# Parking brake light wire?



## ckykm (Apr 22, 2003)

I installed my HKS turbo timer but in order for it to function like its supposed to..it only works when the parking brake is engaged...and the problem is that my parking brake light/indicator doesnt work...so it doesnt send a signal to the turbo timer causing the turbo timer not to work...i was wondering if anyone knew what i should do...could a fuse be blown or if there is a wire to connect...where is the wire and what does it look like...took out my center consel and havent found any wires that look like they would be it...help ASAP would be greatly appreciated

Thank you


----------



## Panda Rox Ur Face (Dec 19, 2004)

ckykm said:


> I installed my HKS turbo timer but in order for it to function like its supposed to..it only works when the parking brake is engaged...and the problem is that my parking brake light/indicator doesnt work...so it doesnt send a signal to the turbo timer causing the turbo timer not to work...i was wondering if anyone knew what i should do...could a fuse be blown or if there is a wire to connect...where is the wire and what does it look like...took out my center consel and havent found any wires that look like they would be it...help ASAP would be greatly appreciated
> 
> Thank you



Does the BRAKE light come on when you turn the key on? ALL lights on the dash should all come on once you turn the key to the "ON" position, if the light doesn't come on, then the bulb has been removed.

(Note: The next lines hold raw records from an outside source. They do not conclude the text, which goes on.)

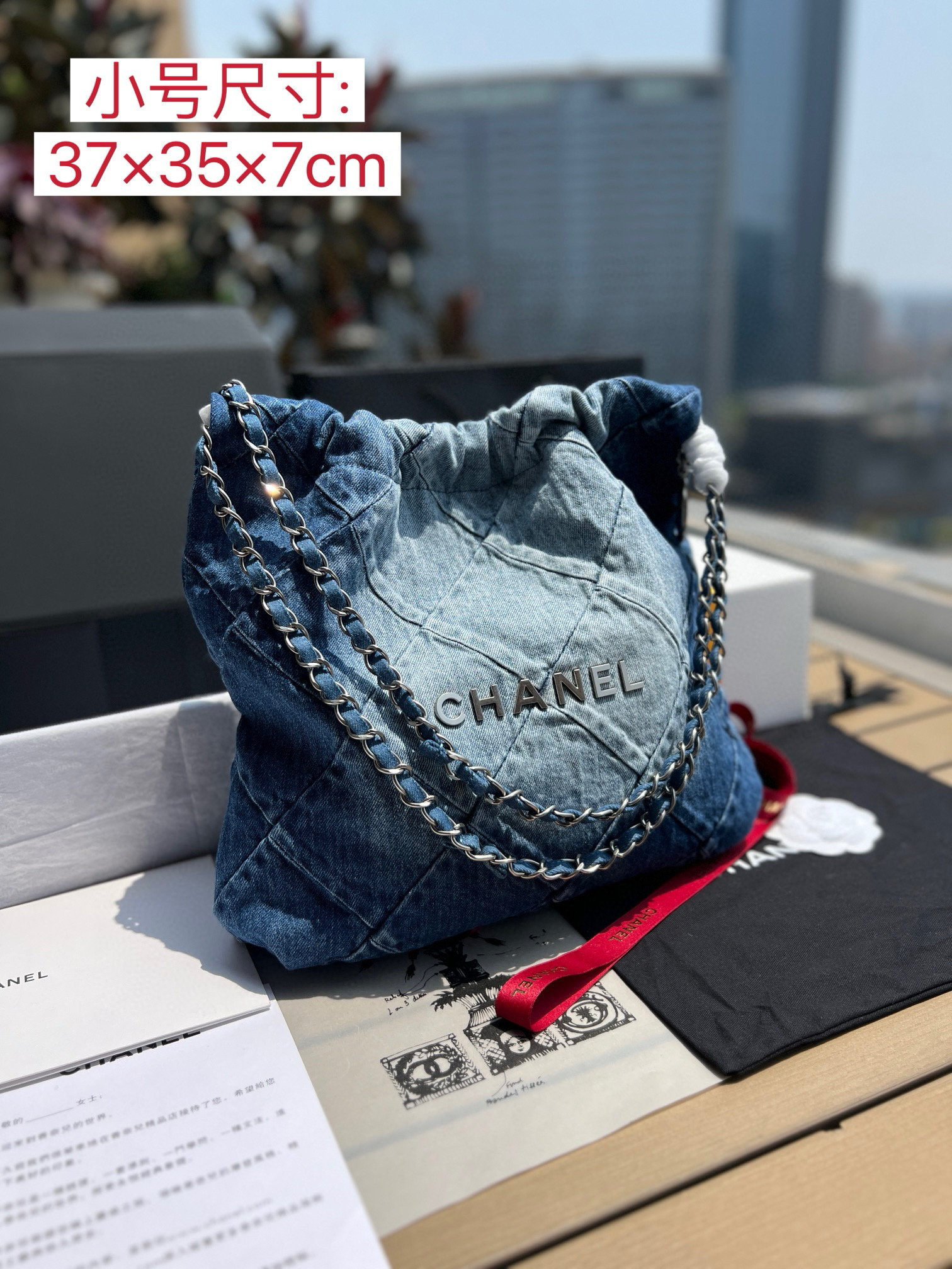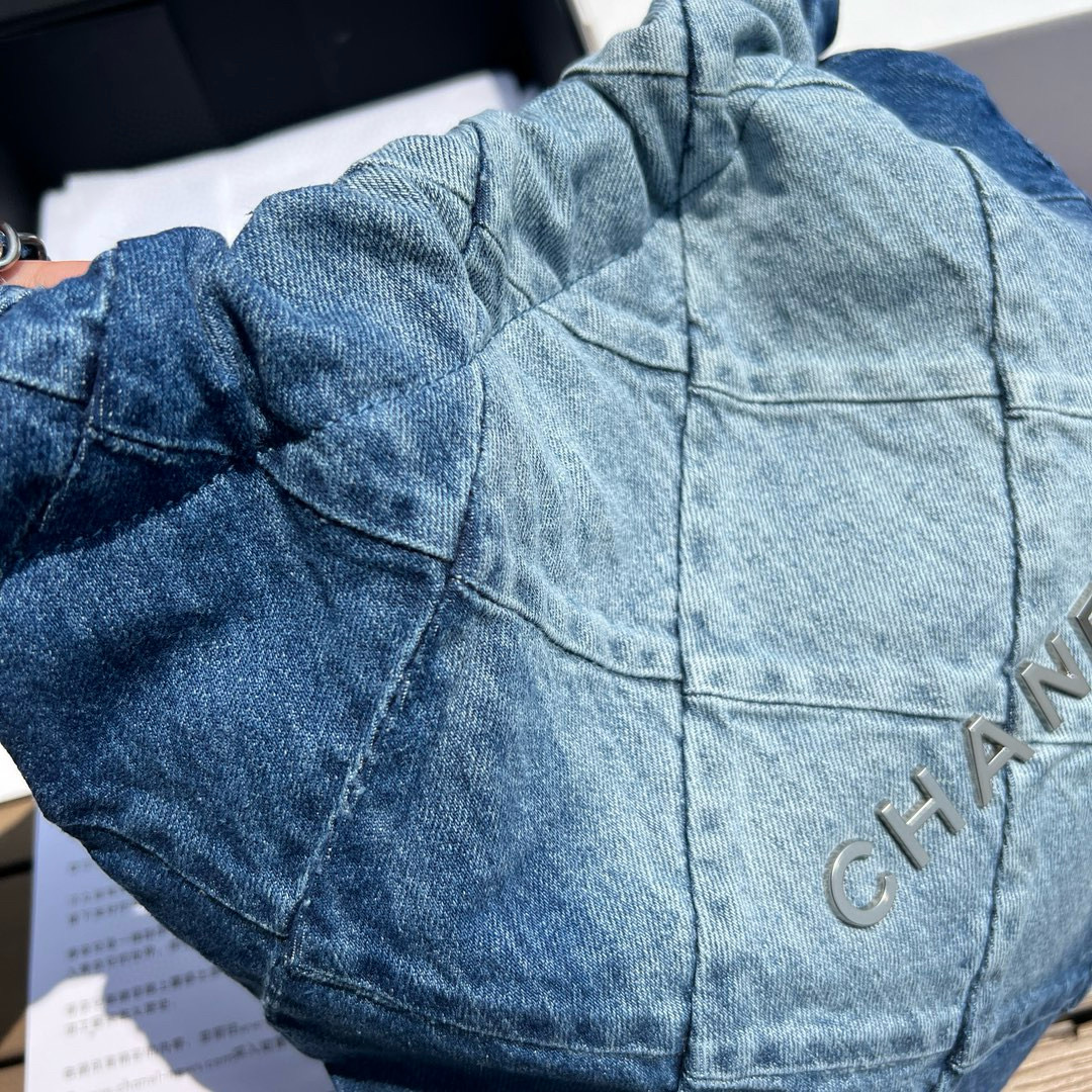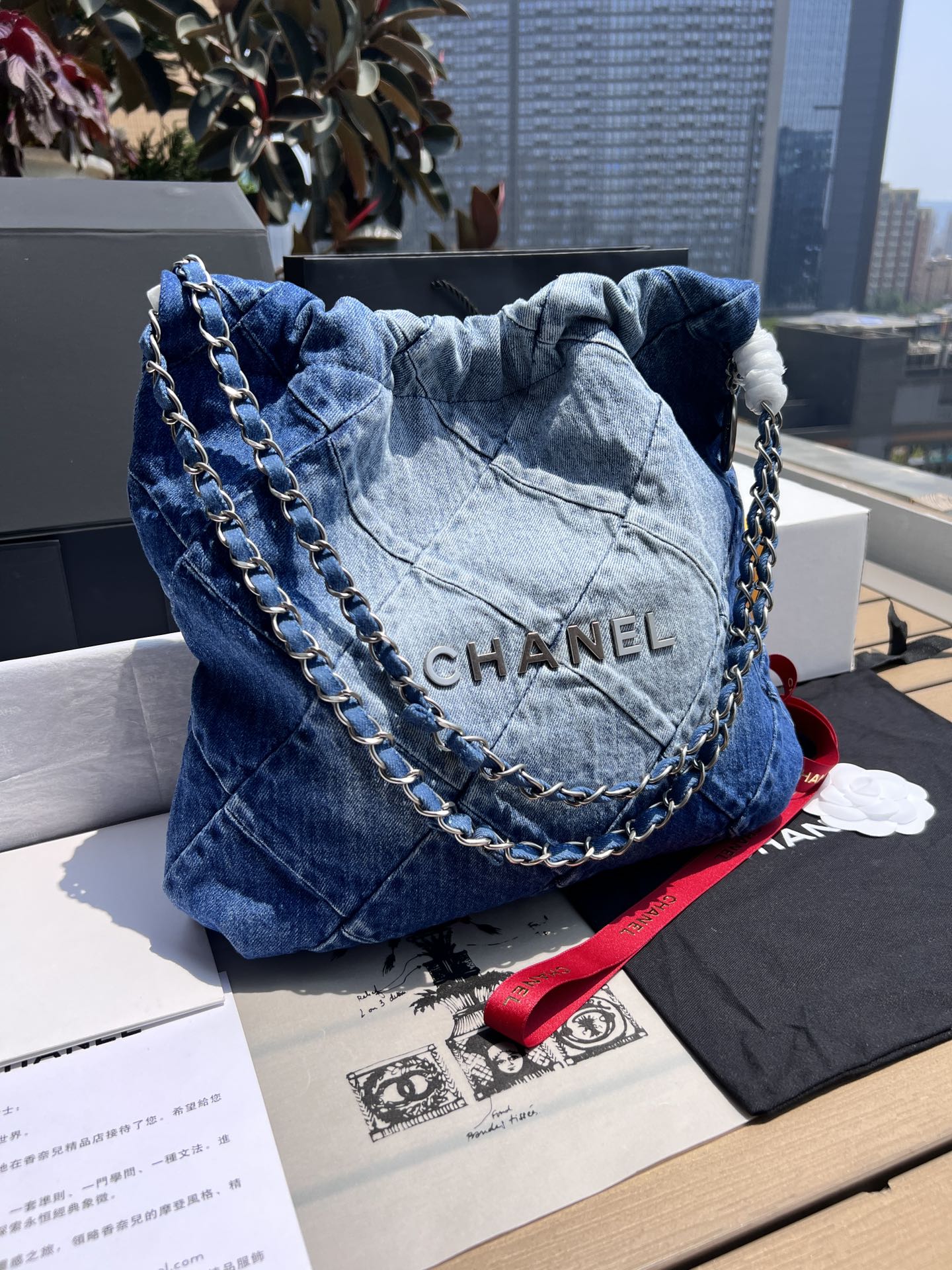NIGO Chanel Women's Small Checkered Large Capacity Chain Denim Shoulder Bag Washed Denim Blue Medium Tote Bag Bags AS3260-B10439-NM981 #nigo81555
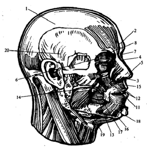 части ушей, от носа к средней части ушей, от середины подбородка к нижней
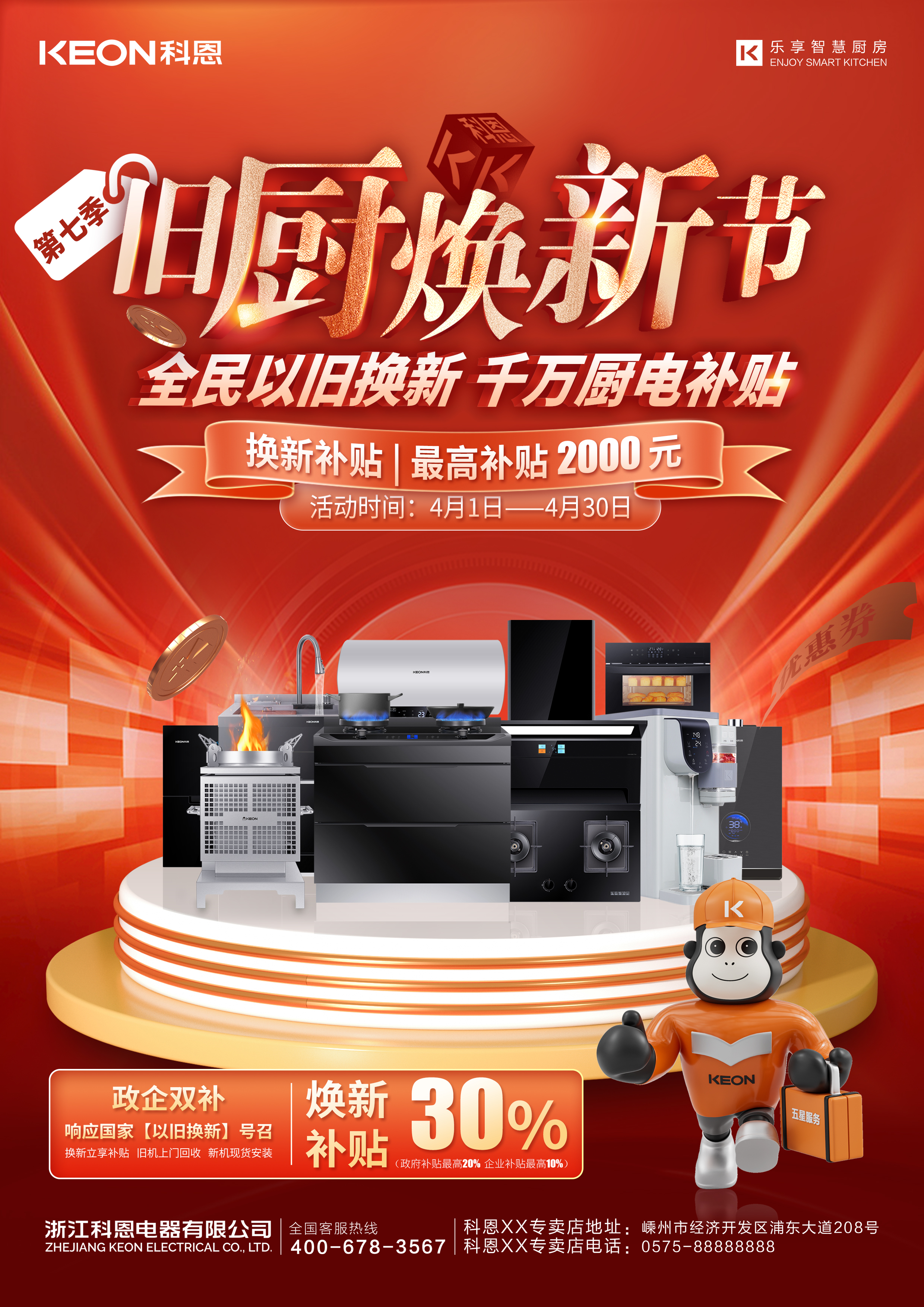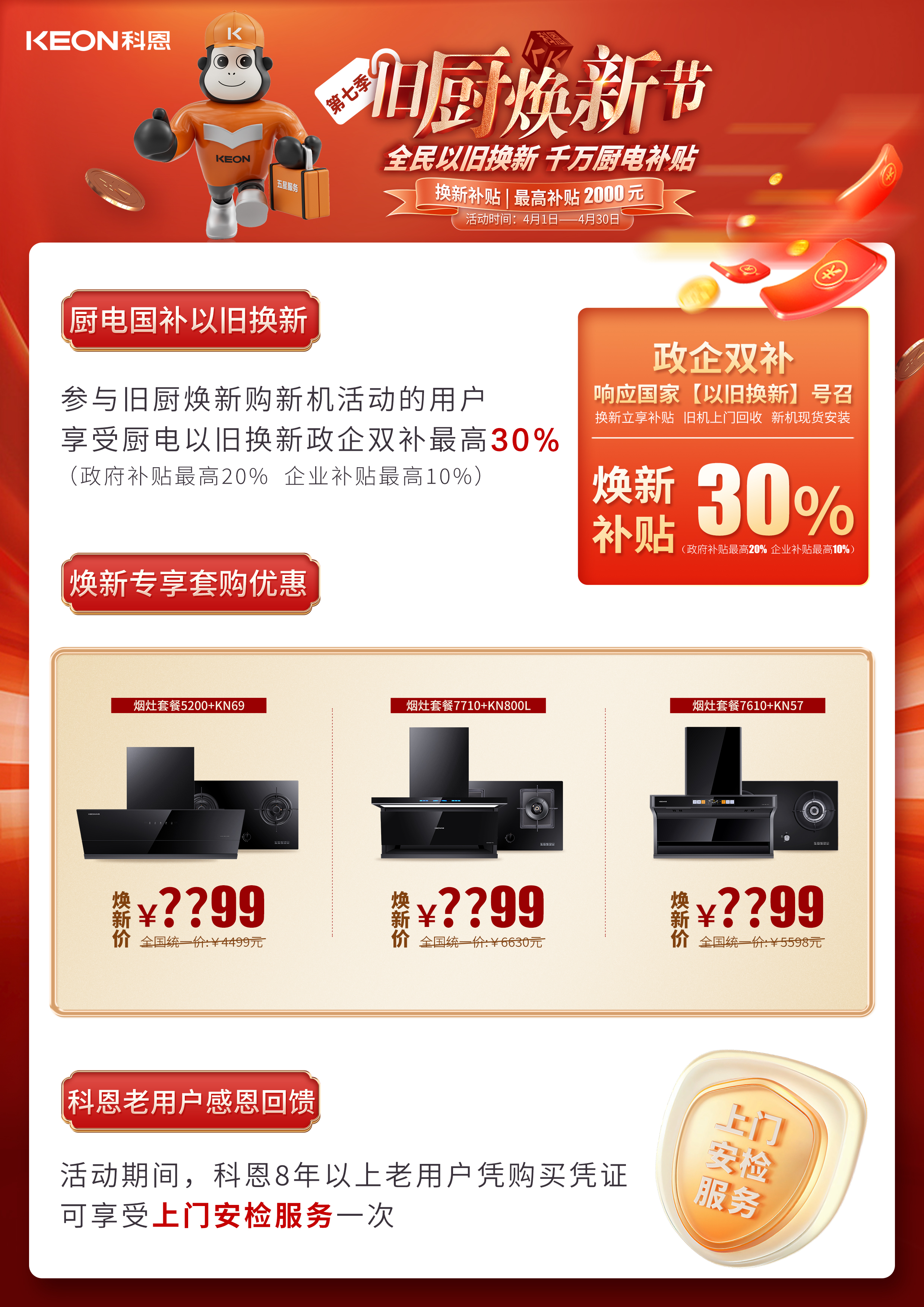 春意漸濃,煙火煥新。科恩電器四月“舊廚煥新節(jié)”全面啟動(dòng)!政府補(bǔ)貼疊加企業(yè)補(bǔ)貼,雙重福利最高直抵廚電總價(jià)30%,最高可達(dá)2000元,更有煥新專(zhuān)享套購(gòu)優(yōu)惠,感恩回饋等福利,讓智能廚房一步到位。
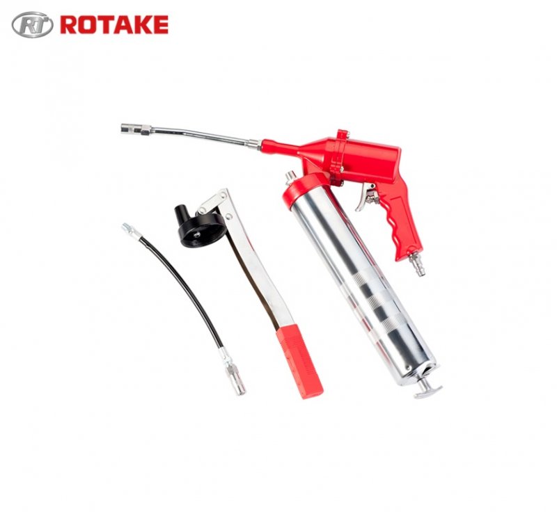 Шприц для смазки пневматический для шприцевания консистентной смазкой – 6 предметов. Объем бака – 500 мл. При давлении воздуха 2-8 атм давление смазки 80-400 атм максимально. Набор: нагнетатель, емкость для смазки, мягкий и жесткий наконечник, адаптер для ручной смазки, штуцер подключения 1/2”.
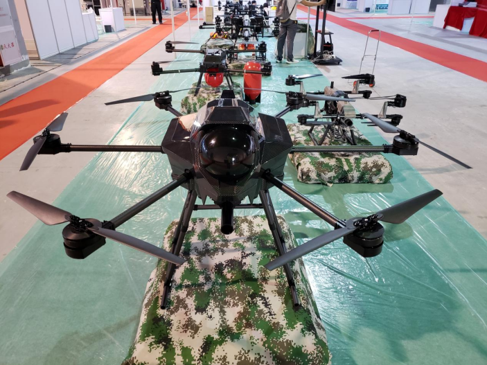 四块科技展出察打无人机、水上救援无人机、消防火箭无人机、森林消防无人机、单兵背负式无人机、特种作战飞榴无人机等精彩亮相。察打无人机可以发射40MM、35MM、38MM制式枪榴弹,发射38MM催泪弹能打出特殊的直角弹道,弹丸发射后可空中制动并垂直下落,打击建筑物背后的目标,特别适合用于城市环境使用。高层建筑消防灭火无人机,起飞重量45公斤,飞行时间20分钟,弹种是100MM消防弹,抗风等级8级。
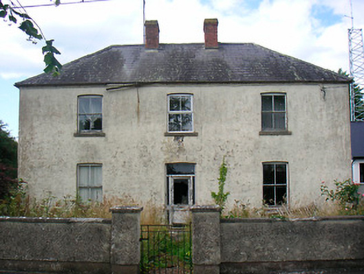 Detached three-bay two-storey former house, built c.1860. Formerly in use as a Garda Station, c.1928 - 1990. Now derelict. Hipped natural slate roof with two brick chimneystacks to the centre and cast-iron rainwater goods. Smooth rendered walls with square-headed window openings with four two-over-two pane timber sliding sash windows and one uPVC window to the front elevation (south). Cut stone sills throughout. Square-headed door opening to the centre with modern glazed timber door, glazed surrounds/side lights and with a plain overlight above. Set back from road in own grounds towards the west end of Ballymore. Front garden enclosed by rendered boundary walls having rendered gate piers supporting a mild steel entrance gate.

Right where the parking brake is, there is a switch. You have to remove that panel (just a few bolts on the sides, move seats forward to access). See if it is plugged in, if it is, then check the connections, wires, any obvious signs. With a test light, see if one of the wires have power when you have the parking brake UP. Because im pretty sure that the switch is ground operated, when you move the brake up, the switch engages like a relay and gives power to the wire, then inturns give power to the instrument cluster (though I could be wrong). So to be safe, check both wires on both, up and down position. If no power is given on either, replace the switch (JUNKYARD! = CHEAP!)

So good luck!


----------